January 2022: Short course of Helmut Bölcskei (ETH Zürich), online.
4 sessions: Thursday 6 (14:00-16:30); Tuesday 11 (15:00-17:30); Thursday 13 (14:00-16:30); Tuesday 18 (15:00-17:30).
Title: Fundamental Limits of Deep Neural Network Learning
Abstract: This short course develops the fundamental limits of deep neural network learning from first principle by characterizing what is possible if no constraints on the learning algorithm and on the amount of training data are imposed. Concretely, we consider Kolmogorov-optimal approximation through deep neural networks with the guiding theme being a relation between the complexity of the function (class) to be approximated and the complexity of the approximating network in terms of connectivity and memory requirements for storing the network topology and the associated quantized weights. The theory we develop educes remarkable universality properties of deep networks. Specifically, deep networks are optimal approximants for markedly different function classes such as affine (i.e., wavelet-like) systems and Weyl-Heisenberg systems. This universality is afforded by a concurrent invariance property of deep networks to time-shifts, scalings, and frequency-shifts. In addition, deep networks provide exponential approximation accuracy—i.e., the approximation error decays exponentially in the number of non-zero weights in the network—of the multiplication operation, polynomials, sinusoidal functions, certain smooth functions, and even one-dimensional oscillatory textures and fractal functions such as the Weierstrass function, the latter two of which do not have previously known methods achieving exponential approximation accuracy. We also show that in the approximation of sufficiently smooth functions finite-width deep networks require strictly smaller connectivity than finite-depth wide networks.
The mathematical concepts forming the basis of this theory, namely metric entropy, linear and nonlinear approximation theory, best M-term approximation, and the theory of frames, will all be developed in the course.
Monday, January 24, 2022, 6:00pm (online)
Speaker: Roman Vershynin (University of California, Irvine)
Title: Mathematics of synthetic data and its privacy
Abstract: An emerging way to protect privacy is to replace true data by synthetic data. Medical records of artificial patients, for example, could retain meaningful statistical information while preserving privacy of the true patients. But what is synthetic data, and what is privacy? How do we define these concepts mathematically? Is it possible to make synthetic data that is both useful and private? I will tie these questions to a simple-looking problem in probability theory: how much information about a random vector X is lost when we take conditional expectation of X with respect to some sigma-algebra?
This talk is based on a series of papers joint with March Boedihardjo and Thomas Strohmer, mainly this one: https://arxiv.org/abs/2107.05824
Monday, January 31, 2022, 2:00pm (online)

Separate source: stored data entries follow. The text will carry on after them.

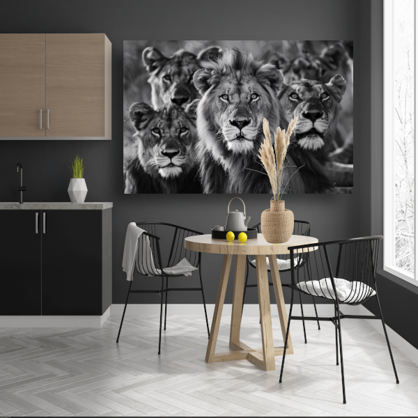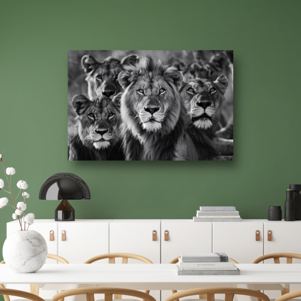 Breng een vleugje wilde schoonheid en elegantie in huis met deze prachtige acrylglasprint van een leeuwenfamilie in de savanne. Met zijn levendige details en hoogwaardige afwerking is dit kunstwerk een echte eyecatcher in elke kamer.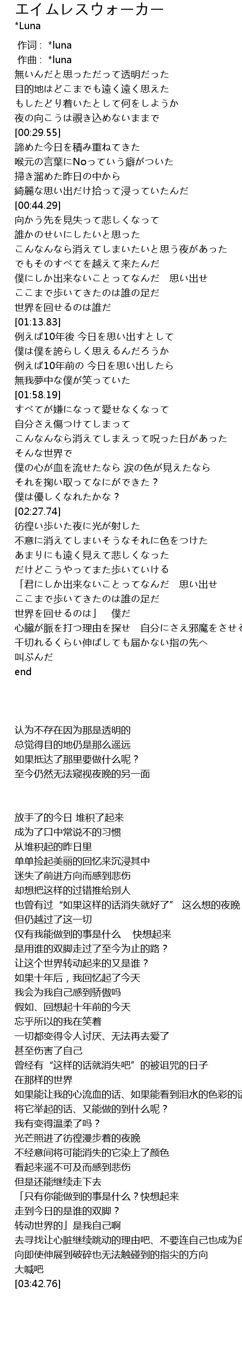 | [00:45.39] | 向かう先を見失って悲しくなって |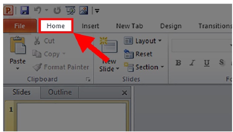 Bước 1: Bạn thực hiện mở file PowerPoint. Bạn bấm chọn Thẻ Home.

Speaker: Yihong Wu (Yale University)
Title: Self-regularizing property of nonparametric maximum likelihood estimator in mixture models
Abstract: Introduced by Kiefer and Wolfowitz 1956, the nonparametric maximum likelihood estimator (NPMLE) is a widely used methodology for learning mixture models and empirical Bayes estimation. Sidestepping the non-convexity in mixture likelihood, the NPMLE estimates the mixing distribution by maximizing the total likelihood over the space of probability measures, which can be viewed as an extreme form of overparameterization.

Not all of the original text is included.